The following is a list of functions provided in the Gossip library:

gossip_enable_stderr(): Directs logging messages to stderr.
gossip_enable_file(filename, mode): Directs logging messages to a specified file. The arguments are the same as those taken by the fopen() function.
gossip_enable_syslog(priority): Directs logging to syslog. The priority argument is the same as that given to the syslog() function.
gossip_set_debug_mask(debug_on, mask): Turns debugging messages on or off and specifies the mask value to use if turned on.
gossip_disable(): Gracefully shuts down the Gossip logging facilities.
gossip_debug(mask, format, ...): Logs a debugging message. Uses the same format syntax as the printf() function call. It will only print if debugging is turned on and the mask value matches the global mask specified with gossip_set_debug_mask().
gossip_ldebug(mask, format, ...): Same as above, except that it prepends each message with the file name and line number of the source code that invoked it.
gossip_err(format, ...): Logs error messages. These will print regardless of the mask and whether debugging is turned on or off.
gossip_lerr(format, ...): Same as above, except that it prepends each message with the file name and line number of the source code that invoked it.
Examples of how to use Gossip can be found in the gossip/examples directory of the Gossip source code. This code can be found in the pvfs2/src/common/gossip directory within the OrangeFS source tree.

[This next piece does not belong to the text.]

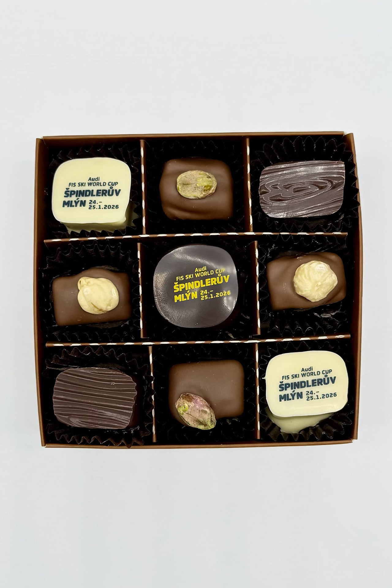 Pralinky ruční výroby z dílny Lucie Glaister z francouzské a belgické čokolády s vysokým podílem kakaové hmoty a kakaového másla.

Similarly, run-time client debugging information can be gathered by using environment variables before running the client application. The default client logging method is to set the variable PVFS2_DEBUGMASK to values such as client,network. Many of the supported client debugging masks overlap the server masks that can be verified using pvfs2-set-debugmask. By default, setting PVFS2_DEBUGMASK emits debugging information to stderr, often intermixed with the client program output. If you'd like to redirect client debugging to a file, set the PVFS2_DEBUGFILE environment variable to a valid file name. This causes all debug information specified by the PVFS2_DEBUGMASK to be stored in the file specified, no longer intermixing the output with the client program. The file specified in the PVFS2_DEBUGFILE environment variable will be appended if it already exists. Another influential environment variable that can be used to trigger kmod logging messages is PVFS2_KMODMASK. By setting values of this variable to file, inode prior to starting pvfs2-client-core daemon, verbose kmod subsystem error diagnostics are written to the system ring buffer and eventually to the kernel logs. One could also set the kmod diagnostic level when the kernel module is loaded like so, insmod pvfs2.ko module_parm_debug_mask=<diagnostic level>. The diagnostic level will be a bitwise OR of values specified in pvfs2-debug.h. For more information on setting the kernel or client debug mask, see doc/pvfs2-logging.txt in the OrangeFS source tree.

Suggested error handling

Traditional application error handling with errno

Most unix system calls set a global variable called errno when an error condition occurs. Since this is a global variable, it is overwritten everytime a system call is made. This means that it must be checked immediately following the failure of the system call in question. The errno values correspond to to various error conditions, wuch as bad file descriptor or permission denied. One can print out a textual description of these error values using the perror() or strerror() functions. More information about the use of errno can be found in the man pages for errno, perror, and and strerror.

The use of errno in this manner is fine for small applications, but becomes more tedious when building larger software projects. The problem is that you must store the error value somewhere when passing the error back through multiple abstraction layers. This tends to cause confusion in large projects.